» RAW DATA
++++++++

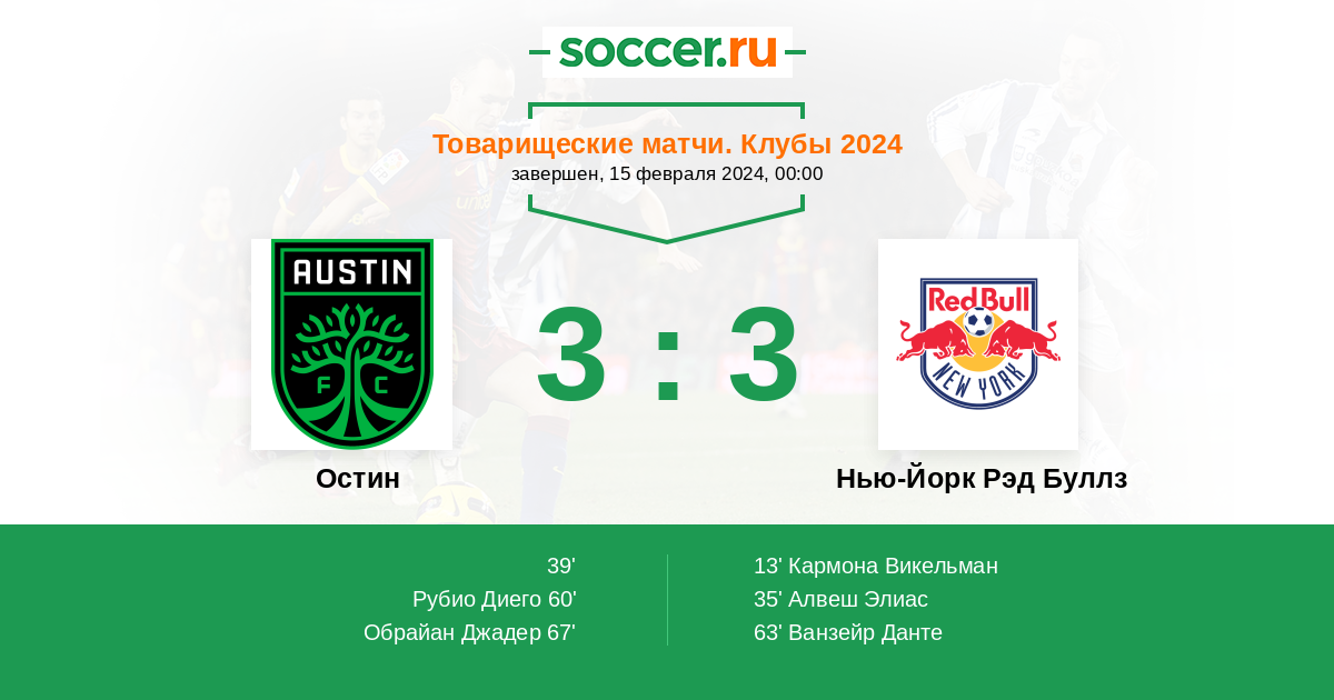 Протокол матча Остин против Нью-Йорк Рэд Буллз
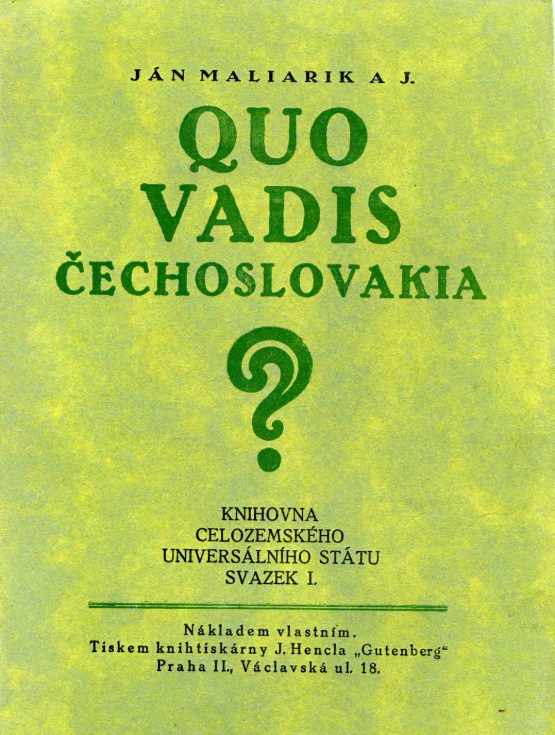 Knihovna celozemského universálního státu, sv. I. S úvodním slovem Heřmana Doležala a studií Jos. B. Nežáreckého, dle kterého farář Maliarik, zavřený c. k. úřady r. 1916 do pražského blázince na Karlově pro přednesení mírové řeči v hledišti Národního divadla, "jest duchovně výše, než ... Rabindranáth Thákur, poněvadž je moderním filosofem slovanským a má otevřené oči pro bídu celého světa", o čemž svědčí namátkou tento axiom: "Poněvadž rozkoš jest slepá, zlá a ukrutná, není možné jí přikázání jinak vydat než přísné hromovým hlasem: Zdolat rozkoš!! Zdolat rozkoš!" - Velmi dobrý stav.
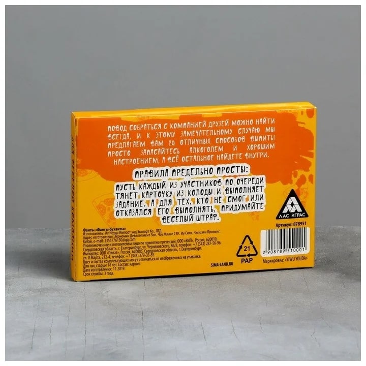 Купить игра для компании "фанты буханты" 20 карт от 100 руб. с доставкой до пункта выдачи в Копейске. Интернет магазин ДекаМаркет. Оплата при получении.
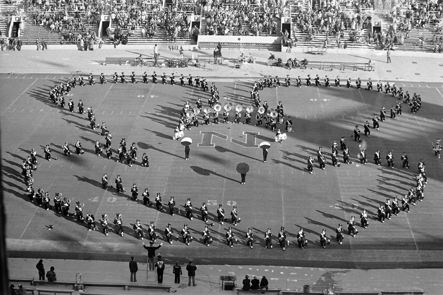 Университетский оркестр изображает Микки Мауса во время перерыва в игре против штата Мичиган в Эванстоне (штат Иллинойс) 18 ноября 1978 г. в преддверии 50-летия персонажа.

++++++++

» PROBLEM REQUIREMENTS
Pictures aside, give the data again exactly as it appears.

» WORKED SOLUTION
 Протокол матча Остин против Нью-Йорк Рэд Буллз
 Knihovna celozemského universálního státu, sv. I. S úvodním slovem Heřmana Doležala a studií Jos. B. Nežáreckého, dle kterého farář Maliarik, zavřený c. k. úřady r. 1916 do pražského blázince na Karlově pro přednesení mírové řeči v hledišti Národního divadla, "jest duchovně výše, než ... Rabindranáth Thákur, poněvadž je moderním filosofem slovanským a má otevřené oči pro bídu celého světa", o čemž svědčí namátkou tento axiom: "Poněvadž rozkoš jest slepá, zlá a ukrutná, není možné jí přikázání jinak vydat než přísné hromovým hlasem: Zdolat rozkoš!! Zdolat rozkoš!" - Velmi dobrý stav.
 Купить игра для компании "фанты буханты" 20 карт от 100 руб. с доставкой до пункта выдачи в Копейске. Интернет магазин ДекаМаркет. Оплата при получении.
 Университетский оркестр изображает Микки Мауса во время перерыва в игре против штата Мичиган в Эванстоне (штат Иллинойс) 18 ноября 1978 г. в преддверии 50-летия персонажа.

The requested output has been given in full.